TASK TO COMPLETE: Your output should be the lines below from the one with "Beswick - 4" through the one with "DINKY TOYS (FRANCE)", copied exactly, pictures excluded.

RECORDS:

━━━

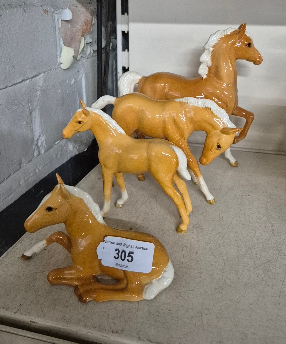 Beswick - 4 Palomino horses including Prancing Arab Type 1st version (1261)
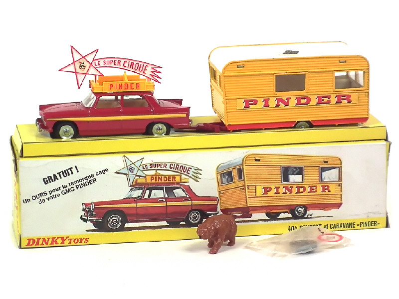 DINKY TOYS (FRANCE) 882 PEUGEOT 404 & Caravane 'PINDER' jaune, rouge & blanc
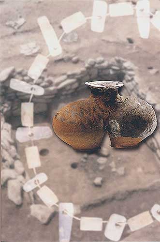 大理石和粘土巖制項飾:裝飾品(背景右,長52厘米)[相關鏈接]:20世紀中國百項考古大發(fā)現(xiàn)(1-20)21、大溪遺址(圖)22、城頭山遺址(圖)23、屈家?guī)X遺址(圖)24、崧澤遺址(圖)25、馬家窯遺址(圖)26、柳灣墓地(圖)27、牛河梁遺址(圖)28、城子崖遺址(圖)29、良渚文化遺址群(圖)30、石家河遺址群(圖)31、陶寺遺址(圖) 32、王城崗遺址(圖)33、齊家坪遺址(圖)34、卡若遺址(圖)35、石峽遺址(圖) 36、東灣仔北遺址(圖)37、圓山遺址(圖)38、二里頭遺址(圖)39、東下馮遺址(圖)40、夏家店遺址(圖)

━━━

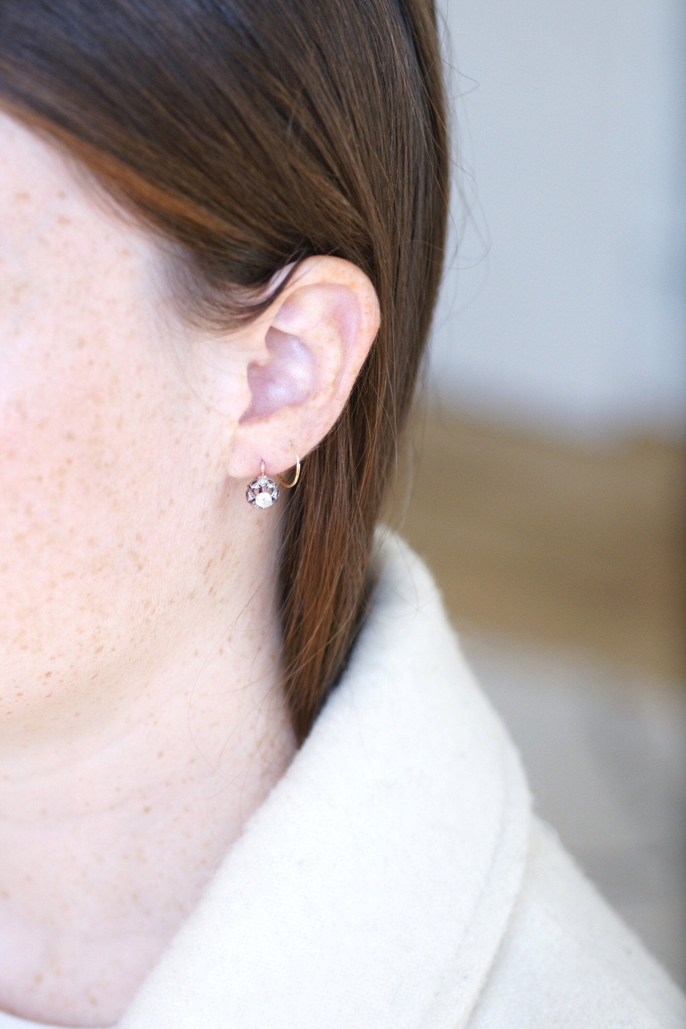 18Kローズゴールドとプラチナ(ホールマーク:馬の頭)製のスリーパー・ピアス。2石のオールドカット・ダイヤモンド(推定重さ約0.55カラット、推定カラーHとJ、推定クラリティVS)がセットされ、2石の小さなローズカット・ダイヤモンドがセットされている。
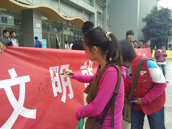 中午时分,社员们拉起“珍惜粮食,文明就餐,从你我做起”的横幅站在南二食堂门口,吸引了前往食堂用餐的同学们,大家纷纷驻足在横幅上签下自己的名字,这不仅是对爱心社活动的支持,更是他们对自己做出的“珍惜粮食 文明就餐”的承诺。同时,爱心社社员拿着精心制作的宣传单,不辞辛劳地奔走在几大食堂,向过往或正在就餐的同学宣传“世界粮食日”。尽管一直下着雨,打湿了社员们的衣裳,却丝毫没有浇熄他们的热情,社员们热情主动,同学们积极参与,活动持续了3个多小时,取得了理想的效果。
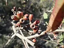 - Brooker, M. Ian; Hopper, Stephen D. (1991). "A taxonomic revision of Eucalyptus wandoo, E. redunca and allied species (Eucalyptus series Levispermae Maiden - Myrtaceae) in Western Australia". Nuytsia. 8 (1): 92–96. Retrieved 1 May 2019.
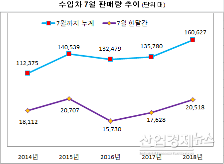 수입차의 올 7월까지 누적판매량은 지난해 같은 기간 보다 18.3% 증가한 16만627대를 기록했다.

━━━

RESPONSE AREA:
 Beswick - 4 Palomino horses including Prancing Arab Type 1st version (1261)
 DINKY TOYS (FRANCE) 882 PEUGEOT 404 & Caravane 'PINDER' jaune, rouge & blanc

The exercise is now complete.